# I can't count!



## SkyWarrior (Apr 22, 2015)

I am bad at math even with my math minor.  2 goats equals 19.  Or at least that's the number I have now.  I THOUGHT I had 15.  But then I did a nose count.

Heidi 
Belle
Annie
Delilah
Blaze

Wingnut
Ginger
Mocha
Frost
Cinnamon

Nutmeg
Galadriel
Angus
Ragnar
Rollo

Spectre
Bison
Oreo
Skittles

Oh carp.  Seriously?


----------



## Pearce Pastures (Apr 23, 2015)

LOL I did the same last week.  Someone asked me how many goats we currently had...Ummmmm...lemme see...16 at the moment....clearly NOT enough if you ask me.

Lily
Bluebell
Pumpkin
Luna
Stella
Yonnie
Geronimo
Zeus
Ace
Gwen
Ruthie
Temple
Coby
Andy
Derek
Blackie


----------



## Hens and Roos (Apr 23, 2015)

funny how quick one loses track of the numbers! 1 equals 8 for us


----------



## samssimonsays (Apr 23, 2015)

Hey same goes for rabbit math Bahahaha!


----------



## Southern by choice (Apr 23, 2015)

We did the same thing... I had no idea how many we had... counted and we had ....

*41*   

We will be down to 20 soon though!  _or so._
We are taking the majority of our "cut" bucklings and putting them out on pasture to raise for freezer meat.


----------



## frustratedearthmother (Apr 23, 2015)

I counted too - 34!  No wonder my feed bill is so high..  Anybody wanna adopt a goat or 12?


----------



## samssimonsays (Apr 24, 2015)

frustratedearthmother said:


> I counted too - 34!  No wonder my feed bill is so high..  Anybody wanna adopt a goat or 12?

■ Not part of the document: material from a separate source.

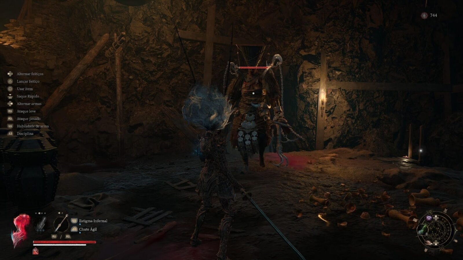 Portanto, morra com a Loucura cheia, e um demônio surge no local da morte, exigindo recuperar os pontos de Mercúrio Vermelho perdidos. Esse sistema cria tensão constante e força decisões estratégicas a cada combate.
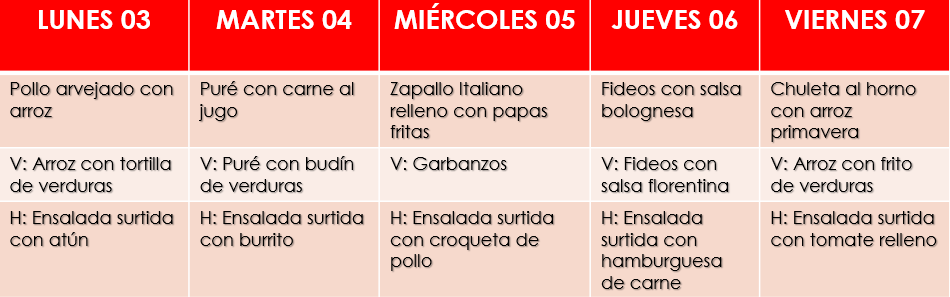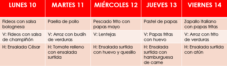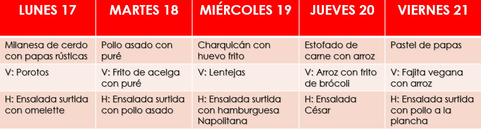 Menú estudiante: Está compuesto por una entrada, que sería consomé o ensalada a elección. Adicionalmente incluye plato de fondo, que puede elegir entre un plato principal, vegetariano o hipocalórico, acompañado de pan postre y jugo o agua envasada.

I would bahahhaa but not close enough to you


----------



## Ridgetop (Apr 27, 2015)

I am so glad to hear about all your goats.  I thought _we_ had the only magic duplicating goats.  My son, Carl, had a beautiful herd of laManchas that he intended to show in open after graduation from 4-H.  He ended up selling the entire herd two months after starting college because he realized he couldn't keep up on milking etc even when college was only 20 miles away.  One person bought all we had.  The previous kidding season almost every doe had twins or triplets - mostly does - It took 2 trailers, and we loaded over 100 goats!  Those were just the LaManchas.  We still had Andy's Nubians and the Boers.  LOL

Goats are so wonderful - you can't have just one . . . or two . . . or . . . .


----------



## SheepGirl (Apr 27, 2015)

Lol I have 19 sheep buttttt I want moreeeeee!

Ciqala
Ali
Lady Gaga
Katy Perry
Rosie
Bella
Phoibe
Elektra
Chevy
Odysseus
Pansy
Poppy
Hyacinth
Dahlia
Daisy
Petunia
Ivy
Clover
Yarrow

And my goat-goat.


----------



## SkyWarrior (Apr 27, 2015)

Southern by choice said:


> We did the same thing... I had no idea how many we had... counted and we had ....
> 
> *41*
> 
> ...



Yeah, we have 5 wethers that are going to freezer camp this year.  But the cost of feeding them is insane with the price of hay.


----------



## OneFineAcre (Apr 28, 2015)

SkyWarrior said:


> Yeah, we have 5 wethers that are going to freezer camp this year.  But the cost of feeding them is insane with the price of hay.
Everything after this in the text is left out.